Pendant que ces événemens se passaient en Souabe, la guerre se poursuivait dans les Hautes-Alpes. Masséna agissant vers les sources du Rhin, Lecourbe vers celles de l'Inn, Dessoles vers celles de l'Adige, avaient eu des succès balancés. Il y avait au-delà du Rhin, un peu au-dessus du point où il se jette dans le lac de Constance, une position qu'il était urgent d'emporter, c'était celle de Feldkirch. Masséna y avait mis toute son opiniâtreté, mais il y avait perdu plus de deux mille hommes sans résultat. Lecourbe à Taufers, Dessoles à Nauders, avaient livré des combats brillans, qui leur avaient valu à chacun trois ou quatre mille prisonniers, et qui avaient amplement compensé l'échec de Feldkirch. Ainsi les Français, par leur vivacité et leur audace, conservaient la supériorité dans les Alpes.

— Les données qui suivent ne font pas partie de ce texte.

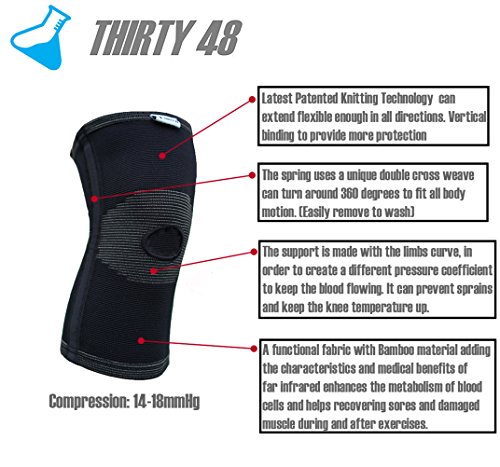 -. Feature : ✅ STABILIZE KNEECAP - Open Patella Allows the Knee to Breathe - The hole at the front reduces pressure on the kneecap and helps keep in place. Twin coil sP.R.Ing stabilizers designed on both sides to create maximum lateral support / ✅ PROVIDES GRADUATED PRESSURE - A graduated pressure system throughout the knee brace targets specific pressure points and allows for better blood circulation and temperature stability throughout. / ✅ LOWER PAIN SYMP - Utilizing the latest patented textile technology, our knee brace allows for the ultimate in comfort, breathability, and support for the most demanding situations. / ✅ JOINT PAIN IMPROVEMENT - With a flexible 360 degree four way stretch, the knee brace provides extra reinforcement for the major joints around the patella while constantly adjust for better performance during movement. / THIRTY48 IS THE MANUFACTURER - You can buy with confidence knowing that your purchase is directly from THIRTY48 Corp. Our customer service team is available 24/7 and there is no third party department you have to deal with since you are buying direct from Manufacturer. Thirty48 will NOT be responsible for any purchase made from other sellers as they are NOT selling the real Thirty48 Knee Support.
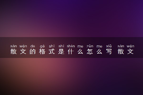散文格式大体有纪实性(直抒式)、想象式、哲理式和象征式四大类。散文的精髓是“形散神不散”。所以散文不需要特定的写作格式。
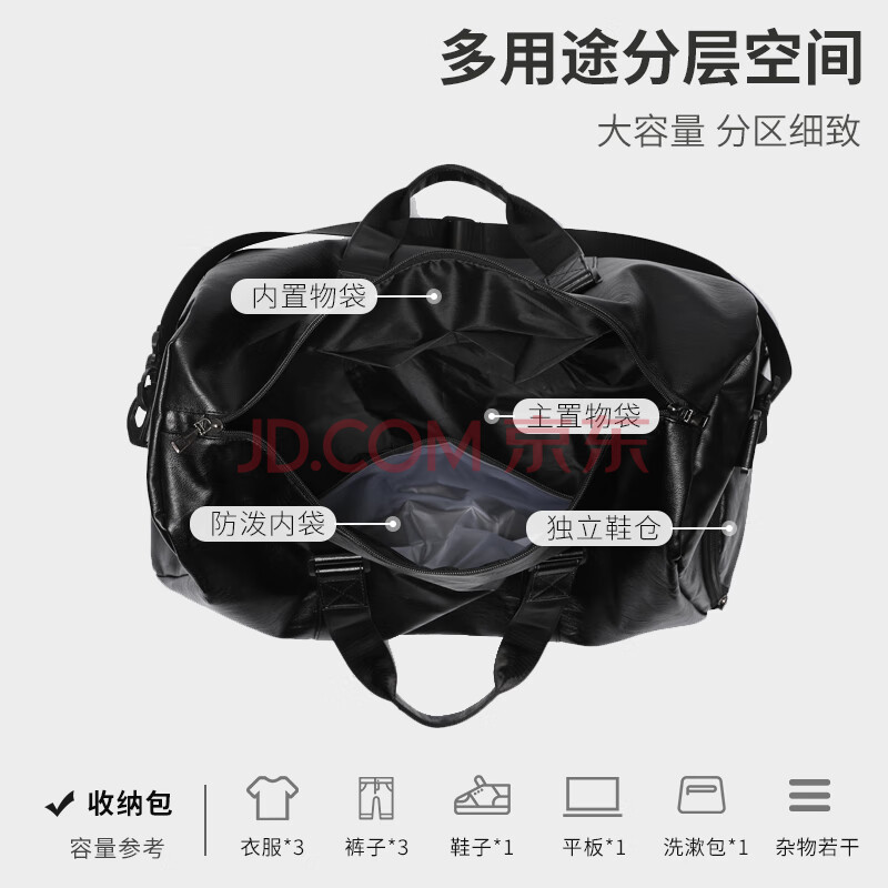 商品相册:易旅旅行包行李袋运动健身包男款手提大容量出差轻便干湿分离旅行背包第1张/共7
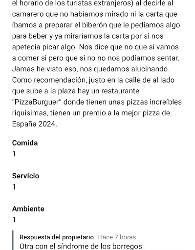 Me gustaría escribir una reseña en respuesta a una contestación fuera de lugar que recibimos de otra reseña. Estuve hace poco en este restaurante, y resumiendo me pareció todo penoso, la comida horripilante. Un familiar mío escribió al salir del restaurante una reseña, cito textualmente: "Comida muy cutre y escasa, simple". A lo que los propietarios contestaron: "Otra gaznapira (persona cutre) con el síndrome del borrego. Si tan cutre os a parecido todo, no os hubierais quedado a comer". Primero de todo, me gustaría recalcar la falta de profesionalidad del personal, cómo es posible que recibiendo un mal comentario, los propietarios respondan a la defensiva, y no contentos con ellos, insulten al cliente. Me parece que deberían aprender de las críticas y no pensar en que hacen todo perfecto. Esa es otra, la falta de educación por su parte, creo que está completamente fuera de lugar llamar gaznápira a las personas que pisan su local, cuando en ningún momento han recibido ninguna falta de respeto por nuestra parte. Me parece a mí que los únicos gaznápiros que hay aquí son ustedes, que primero, aprendan a escribir con buena ortografía, por ejemplo, el "ha" de "ha parecido" es con h. También recalcar que gaznápira lleva tilde, si es una palabra que usan a menudo (como he podido comprobar en otras respuestas de reseñas), apréndansela bien, más que nada para no hacer más ridículo del que hacen sirviendo la bazofia de comida. Por otro lugar, creo que nadie en mi familia tiene el síndrome del borrego, como ustedes dicen, si hemos escrito un mal comentario será por algo, y con más razón si el 80% de los clientes lo hacen también, aludiendo a las mismas carencias del restaurante, la comida, que es pésima, no me cansaré de repetirlo. Pero me alegra que vayan a la defensiva, lo único que consiguen es más gente en contra, mas reseñas negativas, y más infamación. Se están cargando el negocio ustedes solitos, y enhorabuena porque lo están consiguiendo. Resumiendo, creo que el lugar tan bonito que les rodea, como es la plaza de Trujillo, no se merece un bareto como este, tan lamentable y llevado por gente que no sabe ni escribir ni aceptar ninguna crítica. Además, veo que es muy común que insulten a los clientes en respuesta a las reseñas, no somos nuevos en ello. Pd.: disfruten los 10 céntimos que le...
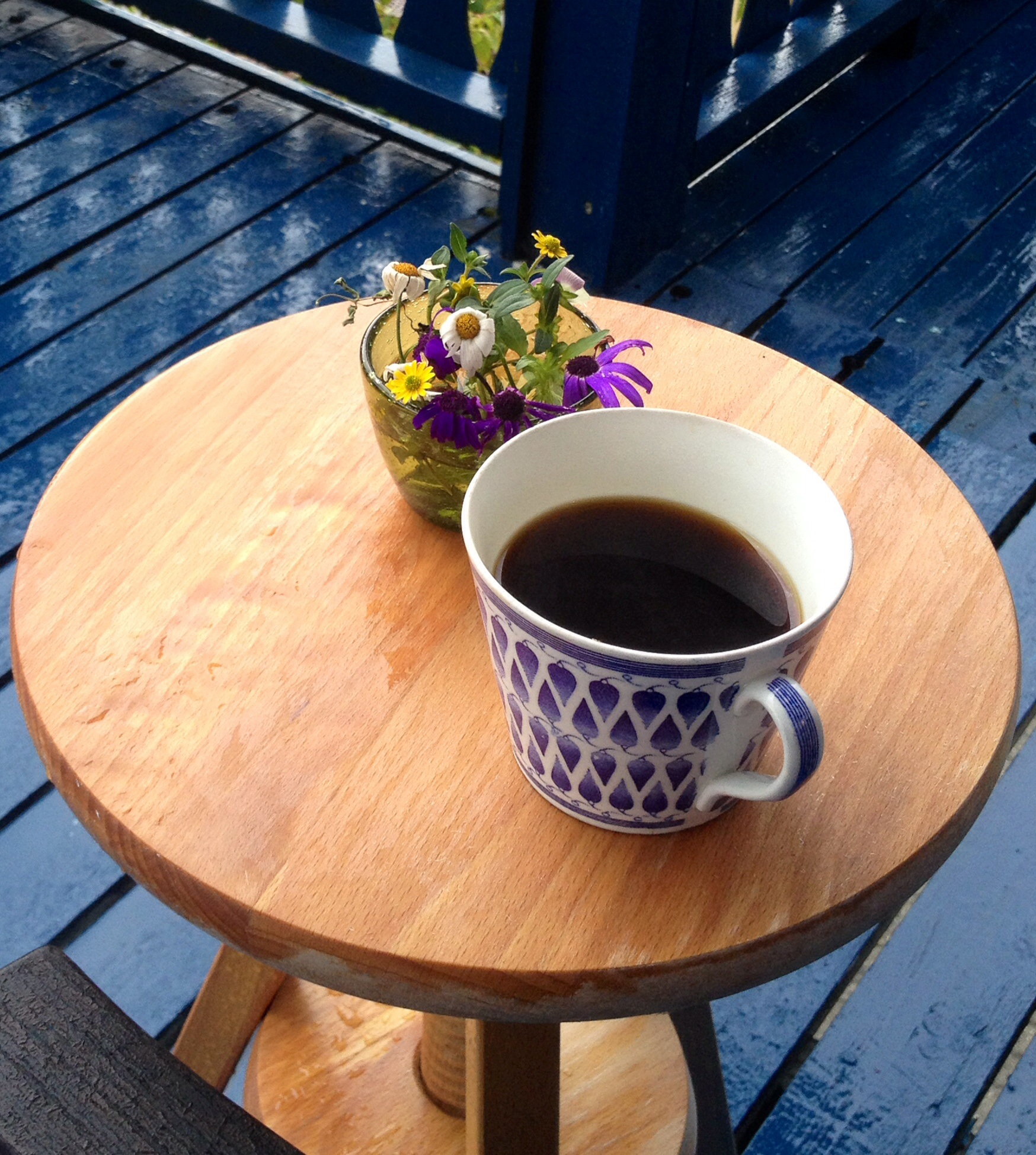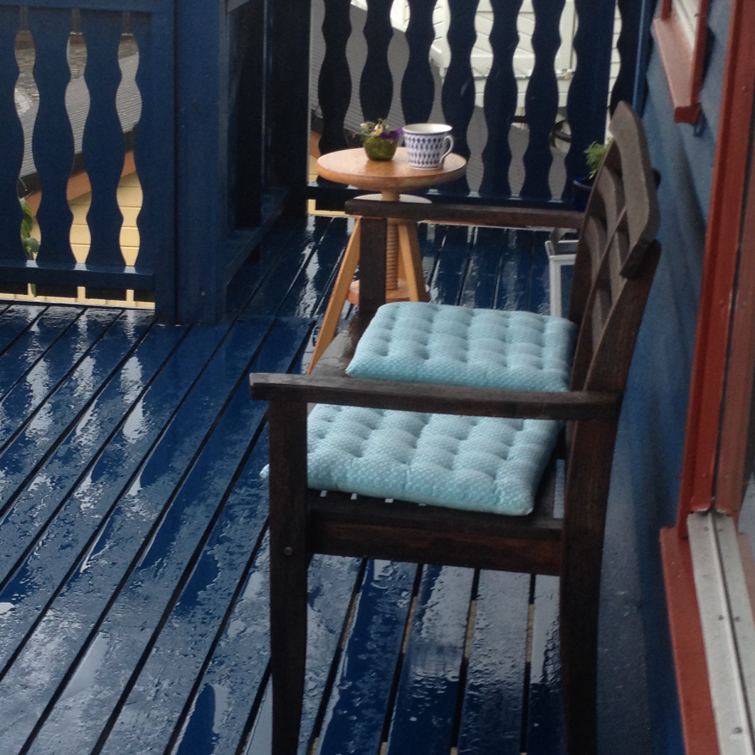 Eg oppdaga at viss eg sette meg på benken heilt inntil huset, så kunne eg drikka morgonkaffi ute og sjå på regnet nesten utan å bli våt.
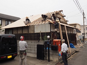 解体された屋根の下地を改めて作り直しています(^^*)今は、垂木(たるき)を屋根に取り付けています!
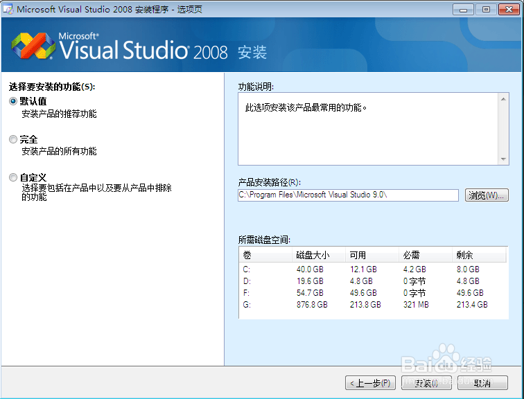 選擇安裝我功能“默認(rèn)、完全、自定義”,可直接選擇默認(rèn)值;
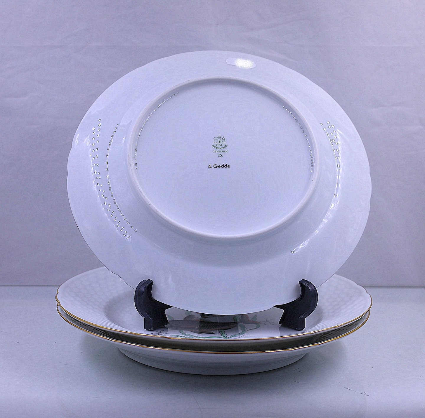 Bing & Grøndahl Hostrup. Fisketallerken, nr. 25. Motivet er 4. Gedde (Esox lucius). Tallerkenen er af hvidt porcelæn med skelkant og guldkant.
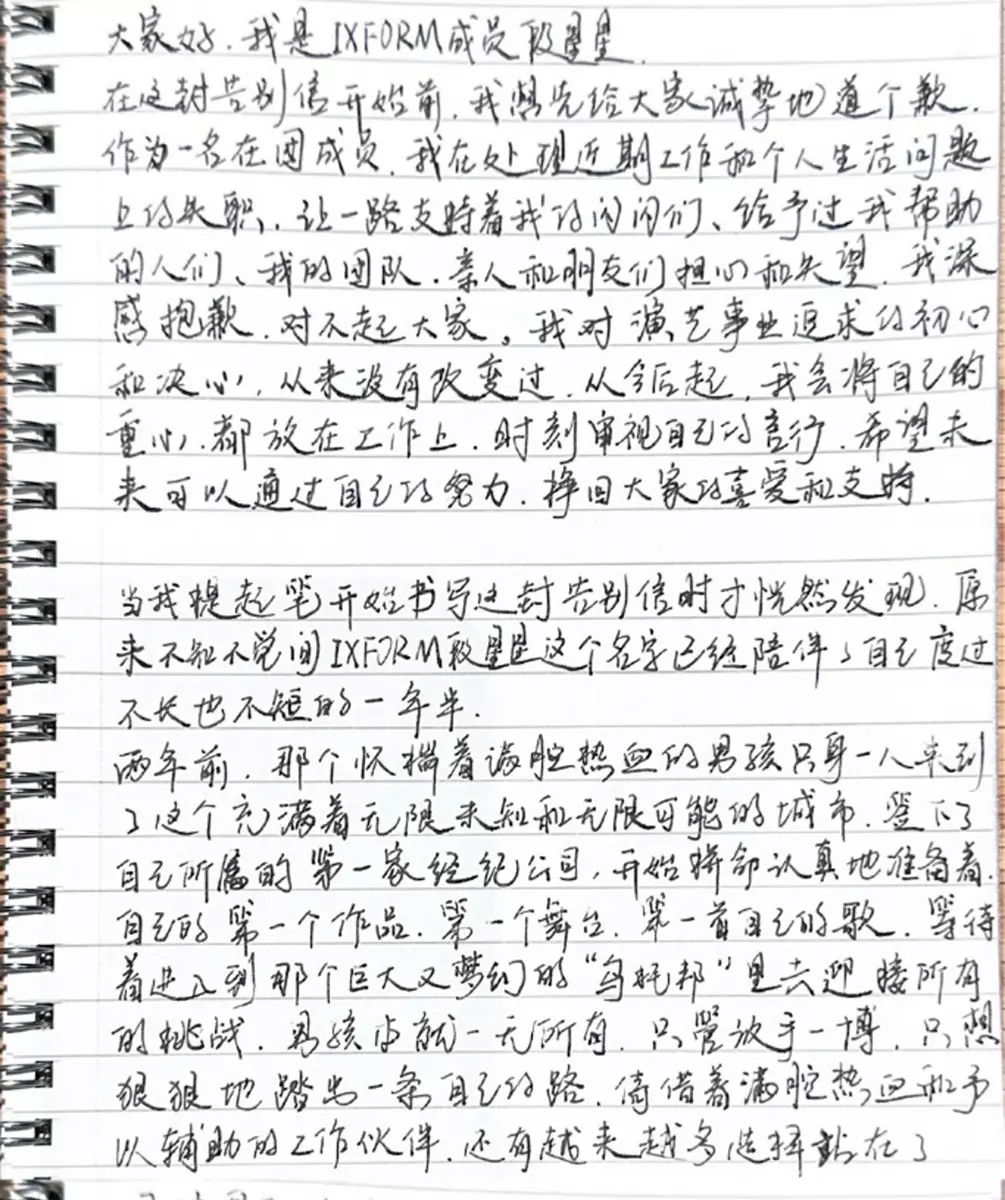 段星星與周揚青的戀情曝光後,段星星備受壓力,被粉絲批評他身為偶像卻談戀愛。近來團體「IXFORM」解散,每個團員都寫下告別信,段星星日前都貼出自己手寫的告別信,他先向粉絲們道歉表示:「作為一名在團成員,我在處理近期工作和個人生活問題上的失職,讓一直支持我的閃閃們失望,給予過我幫助的人們,我的團隊、親人和朋友們擔心和失望,我深感抱歉,對不起大家。」
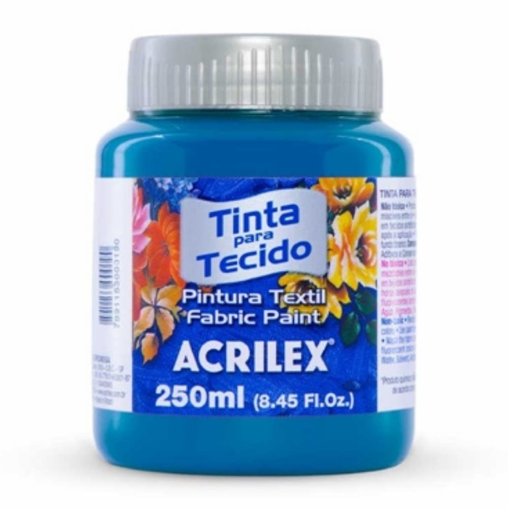 Tinta fosca para tecidos com tonalidade azul turquesa, excelente para customizações artísticas e criativas. Pode ser aplicada com pincel, esponja ou rolinho de espuma e tem secagem super rápida. É adequada também para trabalhos artesanais sobre madeira, gesso, MDF, cerâmica, cortiça, isopor, papel, palha e PET (necessário preparo prévio com Primer Acrilex).
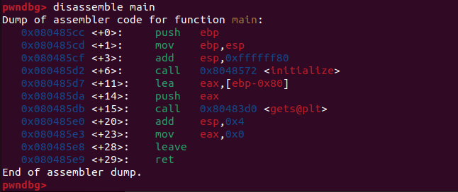 <+11>에서 [ebp-0x80]의 주소를 eax가 가리키게 하고 있다.
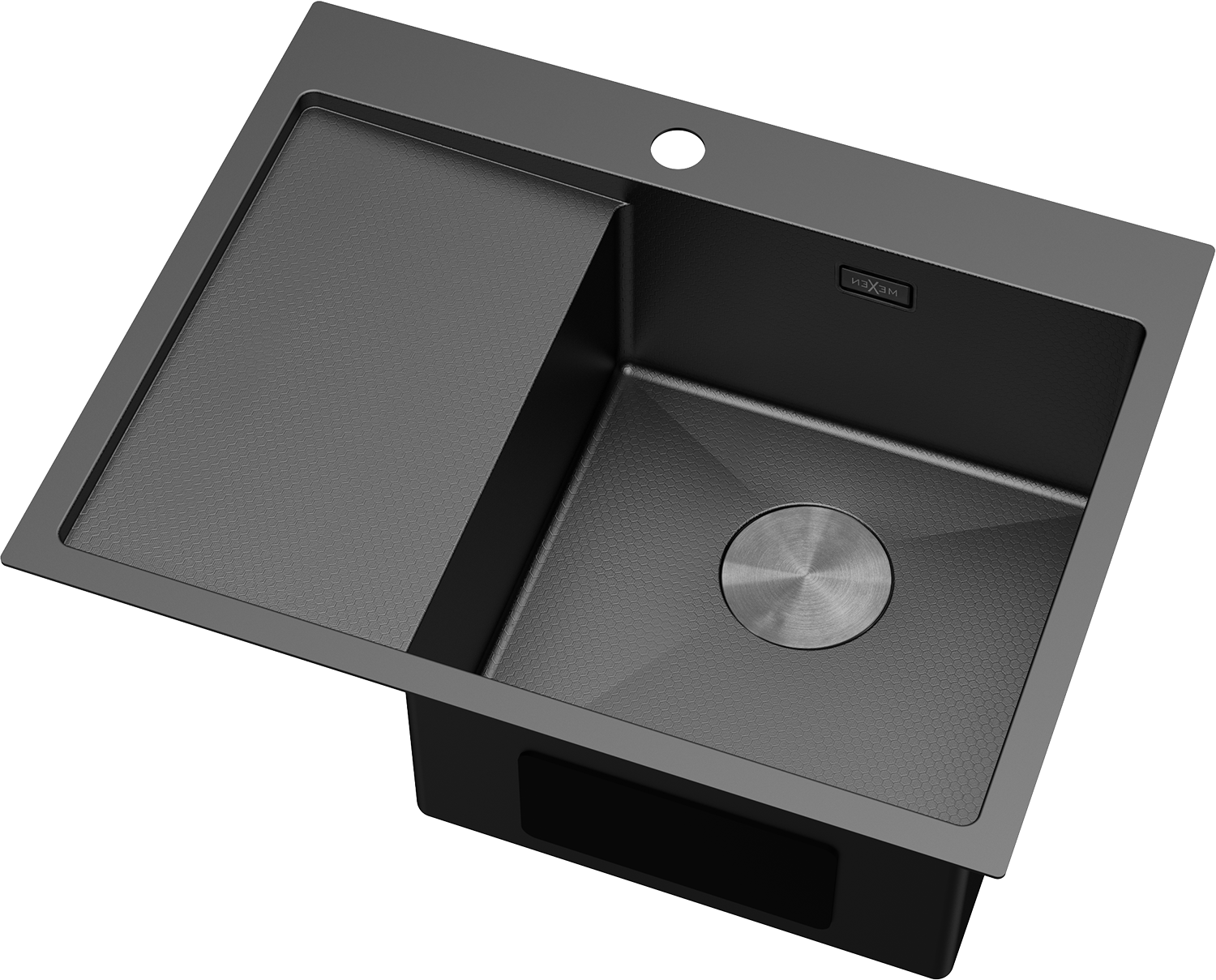 Mexen Exar Évier en acier inoxydable 1 bac avec égouttoir, côté droit 620 x 480 mm, noir HC - 6432621005P-70HC

Les opérations commençaient en Italie, le lendemain même de la bataille de Stokach. Les Français avaient reçu environ trente mille conscrits, ce qui portait la masse de leurs forces en Italie à cent seize mille hommes à peu près. Ils étaient distribués ainsi qu'il suit: trente mille hommes de vieilles troupes gardaient, sous Macdonald, Rome et Naples. Les trente mille jeunes soldats étaient dans les places. Il restait cinquante-six mille hommes sous Schérer. De ces cinquante-six mille hommes, il en avait été détaché cinq mille sous le général Gauthier pour occuper la Toscane, et cinq mille sous le général Dessoles pour agir dans la Valteline. C'étaient donc quarante-six mille hommes qui restaient à Schérer pour se battre sur l'Adige, point essentiel, où il aurait fallu porter toute la masse de nos forces. Outre l'inconvénient du petit nombre d'hommes sur ce point décisif, il en était un autre qui ne fut pas moins fatal aux Français. Le général n'inspirait aucune confiance, il n'avait pas assez de jeunesse, comme nous l'avons dit; il s'était d'ailleurs dépopularisé pendant son ministère. Il le sentait lui-même, et il n'avait pris le commandement qu'à regret. Il allait pendant la nuit écouter les propos des soldats sous leurs tentes, et recueillir de ses propres oreilles les preuves de son impopularité. C'étaient là des circonstances bien défavorables, au début d'une campagne grande et difficile.